The man in question was John E. du Pont (Steve Carell). Of that Delaware family the 1802 gunpowder-mill origins of whose fabulous wealth are neatly brought into the drama rather than lazily printed on the screen or voiced from off it. Such “very rich are different from you and me.” This particular example is isolated, friendless, ultrapatriotic, a gun-obsessed weirdo with heavy mother (a wasted Vanessa Redgrave as Jean du Pont) issues, not “American man” enough for the highest physical athletic achievement and therefore buying tournaments, victories and private range firepower while scorning the equestrian pursuits of that mother.
Inconceivable entrenched wealth commands kowtowing, manpower and killer artillery from the army and police at baronial Pennsylvania estate Foxcatcher, named for the hunt. But “Golden Eagle” he dreams of more, of national and international championships and Olympic gold in wrestling, more world popular in its Greco-Roman form and U.S.-practiced in schools in the more permissive freestyle, both of which are Olympic men’s sports divided into eight weight categories. His grand plan is to lure the best in the country to immaculate new training facilities on the grounds, bring domestic renown to the sport and medals to the trophy room, surround himself with clear-eyed muscular younger men, and bask in glory as their wise coach and mentor.
A half-million 1980s dollars will cement U.S.O.C. compliance on Team Foxcatcher facilities. Fortune will also bring the trainees needed, who, if they hesitate, will be offered more, as in the eyes of privilege everyone has his price. One question posited in the crafted hundred thirty-three minutes is, at what cost and with what conditions do these wrestlers (and other underlings) give up or sell their personal autonomy and souls?
Number one catch is University of Oklahoma grad and 1984 L.A. Olympics gold medalist Mark Shultz (Channing Tatum), guest-speaking to uninterested grade-schoolers while training as best he can with smaller but also champion brother Dave (Mark Ruffalo) in the limited Wexler College gymnasium. He leads a sad lonely existence, in contrast to the older brother’s home with a lawn, wife Nancy (Sienna Miller) and two children. This family life is doubly important in that, the two boys orphaned very young, Dave has always been parents and mentor to his emotionally withdrawn sibling.
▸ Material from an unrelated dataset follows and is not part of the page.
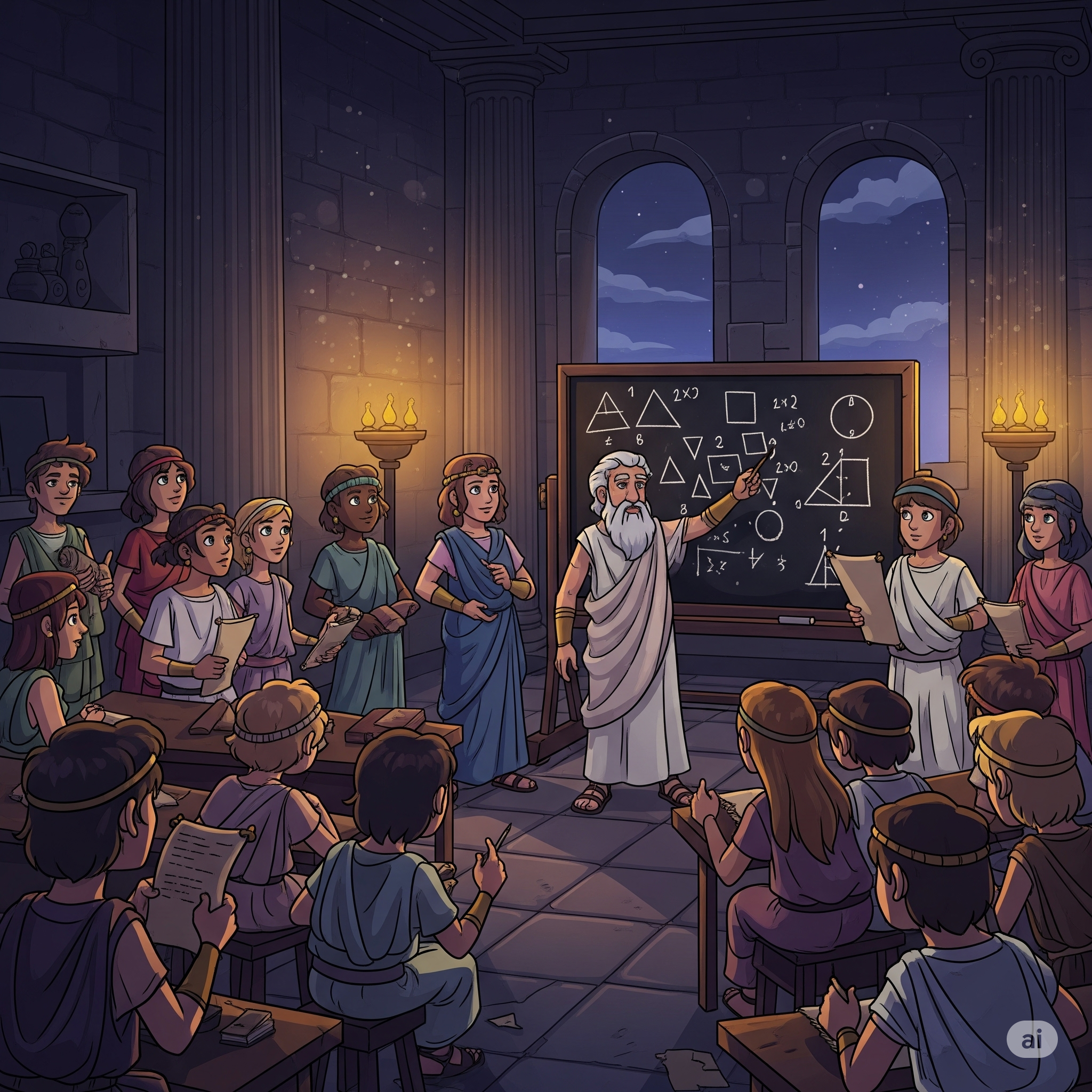 Pisagor’un okulunda hem kızlar hem erkekler vardı. Bu o dönem için çok sıra dışıydı. Okulda öğrenciler ikiye ayrılıyordu:
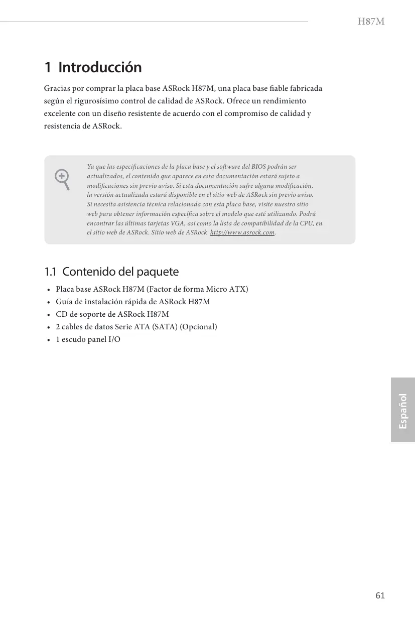 1 Introducción Gracias por comprar la placa base ASRock H87M, una placa base fiable fabricada según el rigurosísimo control de calidad de ASRock. Ofrece un rendimiento excelente con un diseño resistente de acuerdo con el compromiso de calidad y resistencia de ASRock.

Giving Mark star treatment, and positioning himself as more than a coach, as a friend and father figure, de Pont undercuts Dave and yet woos him to join the team as his “assistant” coach. Insulated from the cradle on by wildest entitlement, he lives in another world, a creepy odd duck. According to Ruffalo, “they designed [actor] John’s look to make him repellent, uncomfortable to be around, and everyone stayed away.”
Du Pont turns Mark on to cocaine, gets him to fawn in public and, presenting it as opening up the twenty-seven-year-old’s self-esteem, drives a wedge between the two lifelong inseparable brothers. Seoul 1988 approaching, workouts intensify, the wealthy coach demands increasing dedication to winning and groveling adulation for himself, so tensions mount and come to a tragic but true head.
Suppressed rage, paranoia and obsession are a volatile cocktail, and certainly so in this upsetting view of the rigors of athletics, whether unheralded or not, and even more of the lifestyle and near limitless power attaching to unimaginable unseen American old money zillions.
(Released by Sony Pictures Classics and rated "R" for some drug use and a scene of violence.)